Private Function GetLevel(strItem As String) As Integer
    ' Return the heading level of a header from the
    ' array returned by Word.
    
    ' The number of leading spaces indicates the
    ' outline level (2 spaces per level: H1 has
    ' 0 spaces, H2 has 2 spaces, H3 has 4 spaces.
        
    Dim strTemp As String
    Dim strOriginal As String
    Dim intDiff As Integer
    
    ' Get rid of all trailing spaces.
    strOriginal = RTrim$(strItem)
    
    ' Trim leading spaces, and then compare with
    ' the original.
    strTemp = LTrim$(strOriginal)
    
    ' Subtract to find the number of
    ' leading spaces in the original string.
    intDiff = Len(strOriginal) - Len(strTemp)
    GetLevel = (intDiff / 2) + 1
End Function

2018年3月6日由@kol更新

尽管astrHeadings是一个数组(IsArray返回True,并且TypeName返回String()),但当我在VBScript中尝试访问它的元素时,会出现类型不匹配错误(基于Windows 10 Pro 1709 16299.248上的v5.8.16384)。这必须是一个VBScript特有的问题,因为如果我在Word的VBA编辑器中运行相同的代码,我可以访问元素。最终我通过迭代TOC的行来解决了这个问题,因为即使从VBScript中也可以工作:

For Each Paragraph In Doc.TablesOfContents(1).Range.Paragraphs
  WScript.Echo Paragraph.Range.Text
Next

除了将“int”更改为“long”以增加宏速度外,没有其他更改。 - Reinstate Monica - Goodbye SE
按照@Wiki的建议,我将函数中所有的“int”都替换为“long”,但是它报了一个“下标超出范围”的错误9。有些int可以被替换,但不是全部。请参见我发布的答案以了解哪些可替换。(在Word Pro 2013中) - MagTun
注意使用这种方法时可能会出现截断的标题 (GetCrossReferenceItems)。参考链接:http://windowssecrets.com/forums/showthread.php/158870-Word-2007-VBA-GetCrossReferenceItems(wdRefTypeHeading)-returns-truncated-variant-array - Fuhrmanator
尽管astrHeadings是一个数组(IsArray返回TrueTypeName返回String()),但当我尝试获取其元素时(VBScript 5.8.16384在Windows 10 Pro 1709 16299.248上),我会收到“类型不匹配”的错误。 - kol
@kol 九年后,这是可能的。当时我没有在Windows 10上测试它 ;) - VonC
显示剩余7条评论

18

获取标题列表最简单的方式是遍历文档中的段落,例如:

 Sub ReadPara()

    Dim DocPara As Paragraph

    For Each DocPara In ActiveDocument.Paragraphs

     If Left(DocPara.Range.Style, Len("Heading")) = "Heading" Then

       Debug.Print DocPara.Range.Text

     End If

    Next


End Sub

顺便说一下,我认为去掉段落范围的最后一个字符是个好主意。否则,如果你把这个字符串发送到消息框或文档中,Word会显示一个额外的控制字符。例如:

Left(DocPara.Range.Text, len(DocPara.Range.Text)-1)

2
更喜欢这个答案而不是被选中的答案——它给了我更好的结果和更多的灵活性。 - Praesagus
1
我尝试过这个,但速度慢得无法忍受...循环遍历我的文档(有很多表格,所以有超过45000段落)需要大约15分钟的处理时间。 - FraggaMuffin

2

这个宏在我的Word 2010上表现得非常好。我稍微扩展了一下功能:现在它会提示用户输入最小级别,并抑制低于该级别的副标题。

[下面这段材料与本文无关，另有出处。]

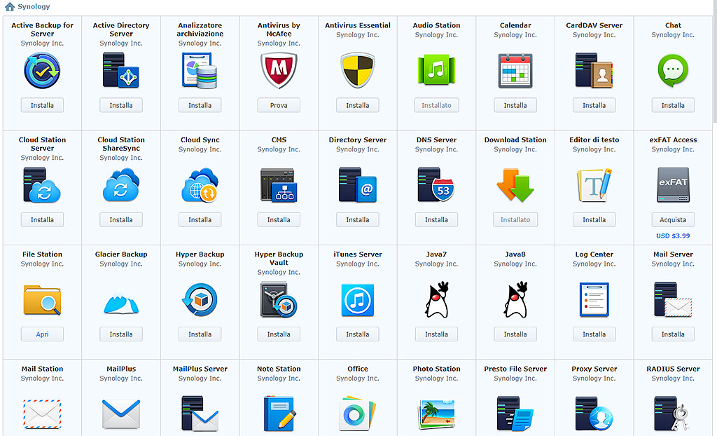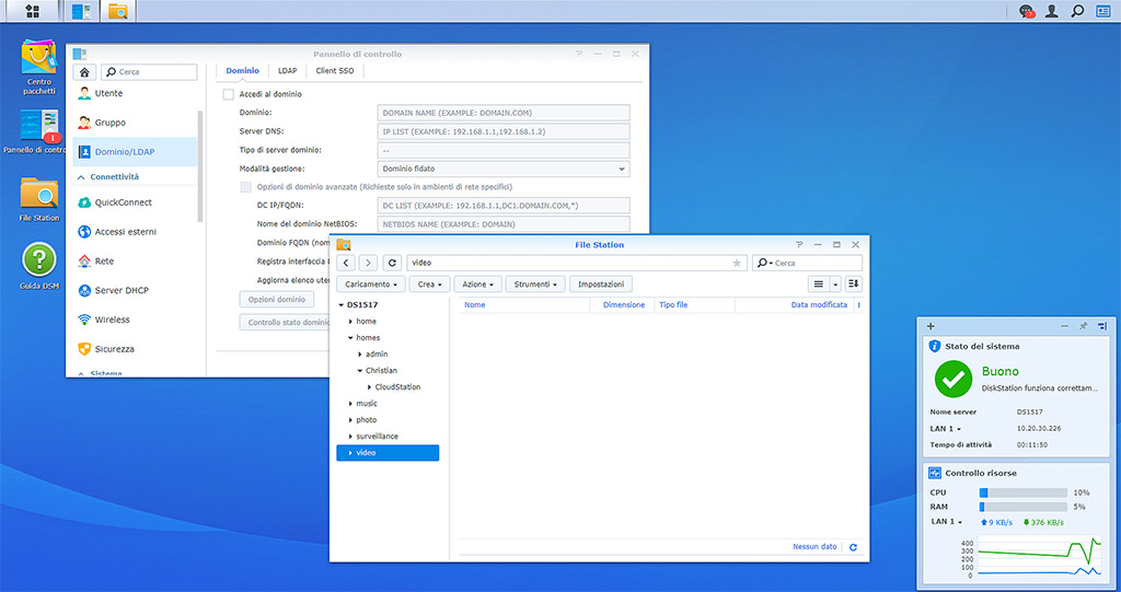 Synology DS1517+ è uno storage di rete evoluto, capace si assolvere a più compiti contemporaneamente, ben al di là della semplice copia dei dati e del backup quotidiano. Oltre alla capacità di supportare ambienti storage iSCSI e strutture virtualizzate, la macchina offre Cloud Station Server per la gestione di trasferimenti da/per cloud remoti, Download Station per amministrare l’approvvigionamento di file e cartelle dal Web. La macchina offre supporto VPN Server, Video Station e Surveillance Station, rispettivamente per la connessione sicura, la transcodifica dei video e l’orchestrazione di un massimo di 40 telecamere IP.

Public Sub CreateOutline()
' from https://dev59.com/THVC5IYBdhLWcg3wfxQ8
    Dim docOutline As Word.Document
    Dim docSource As Word.Document
    Dim rng As Word.Range

    Dim astrHeadings As Variant
    Dim strText As String
    Dim intLevel As Integer
    Dim intItem As Integer
    Dim minLevel As Integer

    Set docSource = ActiveDocument
    Set docOutline = Documents.Add

    minLevel = 1  'levels above this value won't be copied.
    minLevel = CInt(InputBox("This macro will generate a new document that contains only the headers from the existing document. What is the lowest level heading you want?", "2"))

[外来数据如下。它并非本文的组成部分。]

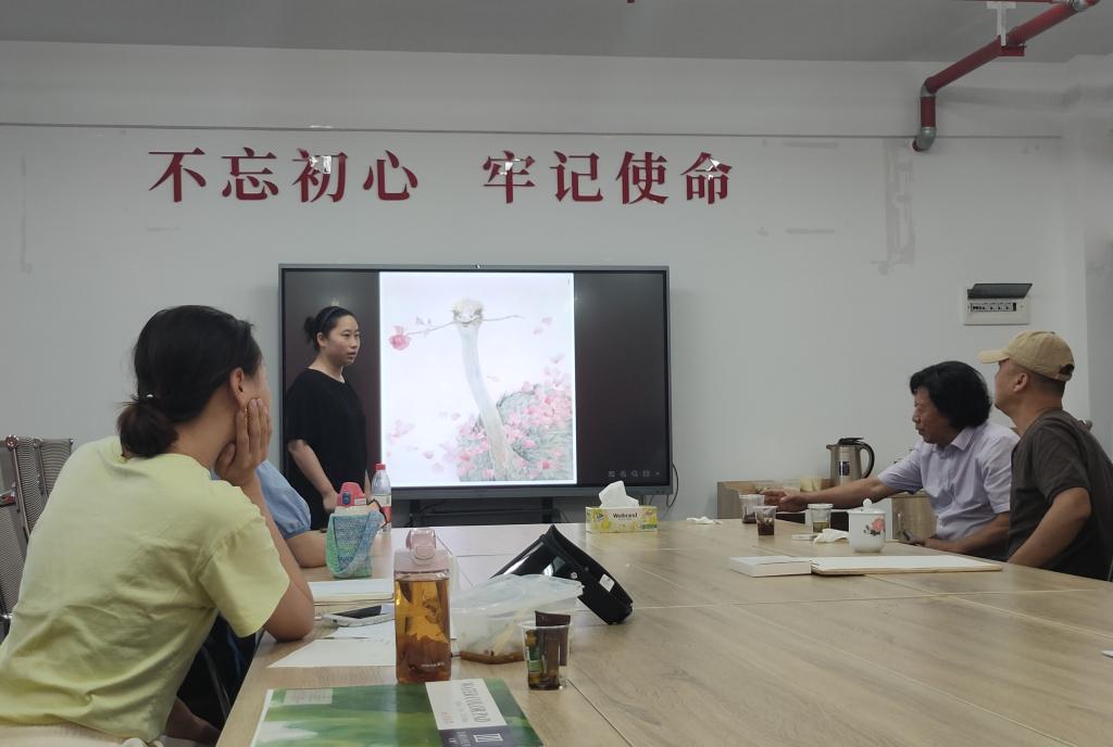 林乐成教授通过分享红色主题作品《长征路上》的创作思路和体会,从不同层次、不同方面为大家解读他对刺绣艺术创作的理解,并点评上阶段老师们的原创湘绣作品,引导参培教师对湘绣原创作品的研发方向展开积极讨论,强化了参培教师绣稿创作的思路和创作表达的方式,激发了创作兴趣,拓展了视野。

    ' Content returns only the
    ' main body of the document, not
    ' the headers and footer.
    Set rng = docOutline.Content
    astrHeadings = _
     docSource.GetCrossReferenceItems(wdRefTypeHeading)

    For intItem = LBound(astrHeadings) To UBound(astrHeadings)
        ' Get the text and the level.
        strText = Trim$(astrHeadings(intItem))
        intLevel = GetLevel(CStr(astrHeadings(intItem)))

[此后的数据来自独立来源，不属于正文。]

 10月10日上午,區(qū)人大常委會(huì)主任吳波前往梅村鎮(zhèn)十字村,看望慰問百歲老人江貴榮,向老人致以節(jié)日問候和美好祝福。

        If intLevel <= minLevel Then

            ' Add the text to the document.
            rng.InsertAfter strText & vbNewLine

            ' Set the style of the selected range and
            ' then collapse the range for the next entry.
            rng.Style = "Heading " & intLevel
            rng.Collapse wdCollapseEnd
        End If
    Next intItem
End Sub

Private Function GetLevel(strItem As String) As Integer
    ' from https://dev59.com/THVC5IYBdhLWcg3wfxQ8
    ' Return the heading level of a header from the
    ' array returned by Word.

    ' The number of leading spaces indicates the
    ' outline level (2 spaces per level: H1 has
    ' 0 spaces, H2 has 2 spaces, H3 has 4 spaces.

    Dim strTemp As String
    Dim strOriginal As String
    Dim intDiff As Integer

    ' Get rid of all trailing spaces.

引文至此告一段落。